The Intel® Optimized MP LINPACK Benchmark for Clusters is based on modifications and additions to HPL 2.0 from Innovative Computing Laboratories (ICL) at the University of Tennessee, Knoxville (UTK). The Intel Optimized MP LINPACK Benchmark for Clusters can be used for Top 500 runs (see http://www.top500.org). To use the benchmark you need be intimately familiar with the HPL distribution and usage. The Intel Optimized MP LINPACK Benchmark for Clusters provides some additional enhancements and bug fixes designed to make the HPL usage more convenient, as well as explain Intel® Message-Passing Interface (MPI) settings that may enhance performance.
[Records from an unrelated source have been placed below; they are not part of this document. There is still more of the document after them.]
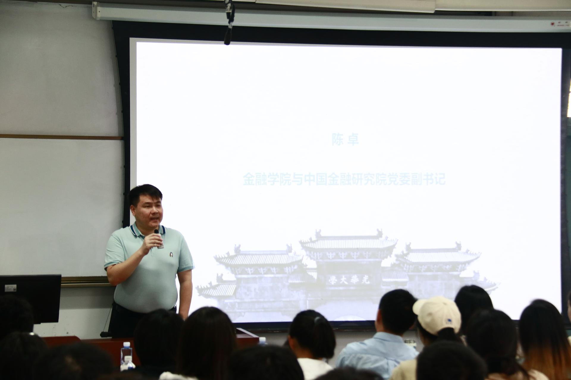 陈卓祝贺本次参加2023年“菁融计划”暑期实习的同学满载而归,简要回顾了“菁融计划”项目的成立及取得的成就。他指出,学院(研究院)积极开展“访企拓岗促就业”专项行动,与二十余家单位签订实习基地合作协议,旨在为更多的同学提供高质量的实习岗位,帮助同学们进一步明晰职业生涯规划、提升就业能力。
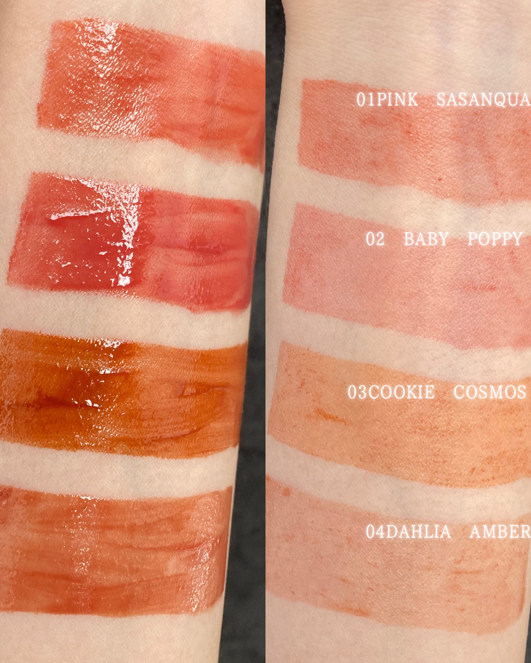 うるつやコーティングで色持ち・保湿24時間持続(臨床試験済み)なRICAFROSHのリップ。 使用したのは04番のDAHLIA AMBER(ダリアアンバー)、ほんのりとピンクをしのばせたスパイシーロゼブラウン。 さらっとしたテクスチャーで、香りはありませんが少し甘めの味がします。
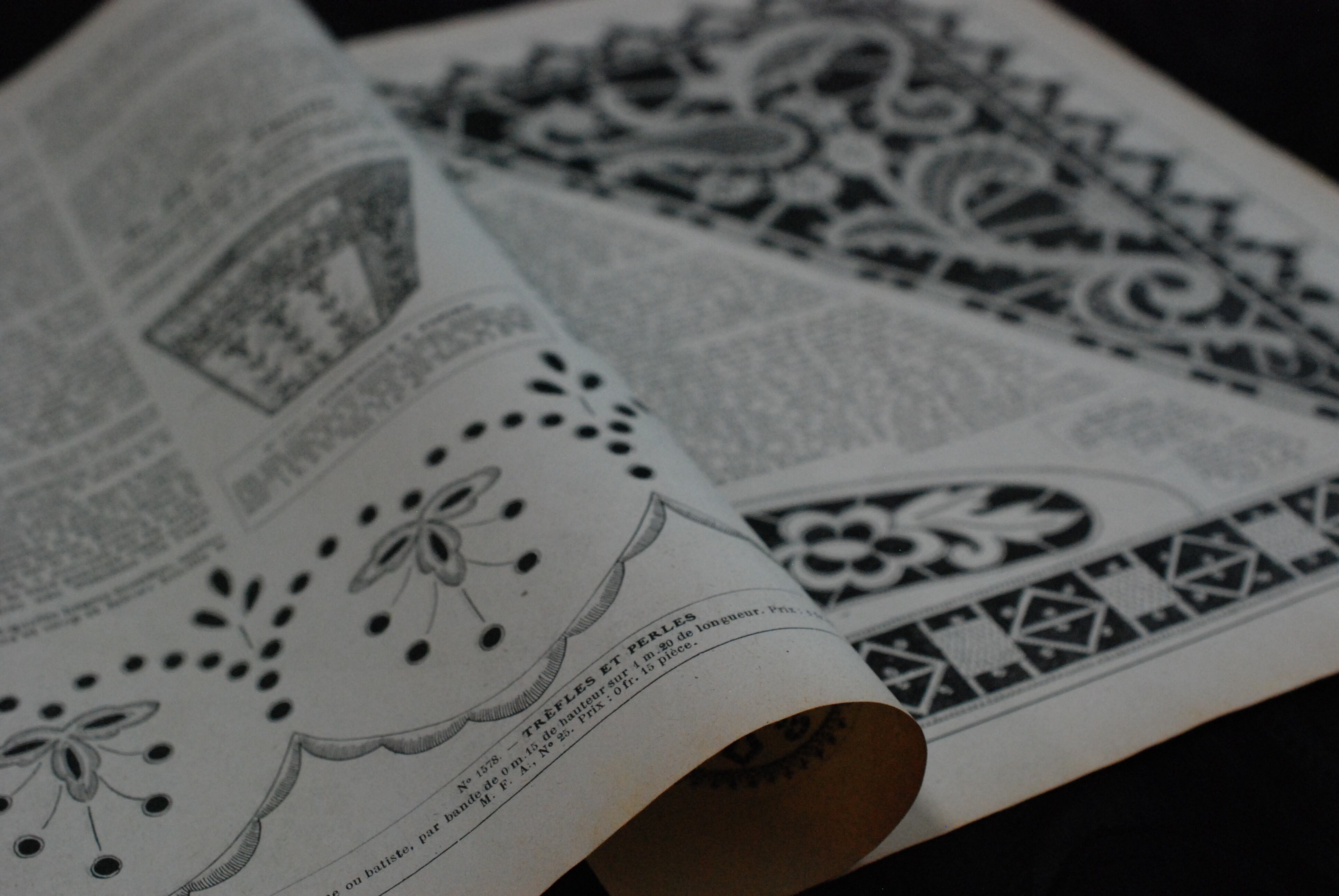 フィレレース、カットワーク、白糸刺繍などの図案や作品例が紹介されています。

The ./benchmarks/mp_linpack directory adds techniques to minimize search times frequently associated with long runs.

The Intel® Optimized MP LINPACK Benchmark for Clusters is an implementation of the Massively Parallel MP LINPACK benchmark by means of HPL code. It solves a random dense (real*8) system of linear equations (Ax=b), measures the amount of time it takes to factor and solve the system, converts that time into a performance rate, and tests the results for accuracy. You can solve any size (N) system of equations that fit into memory. The benchmark uses full row pivoting to ensure the accuracy of the results.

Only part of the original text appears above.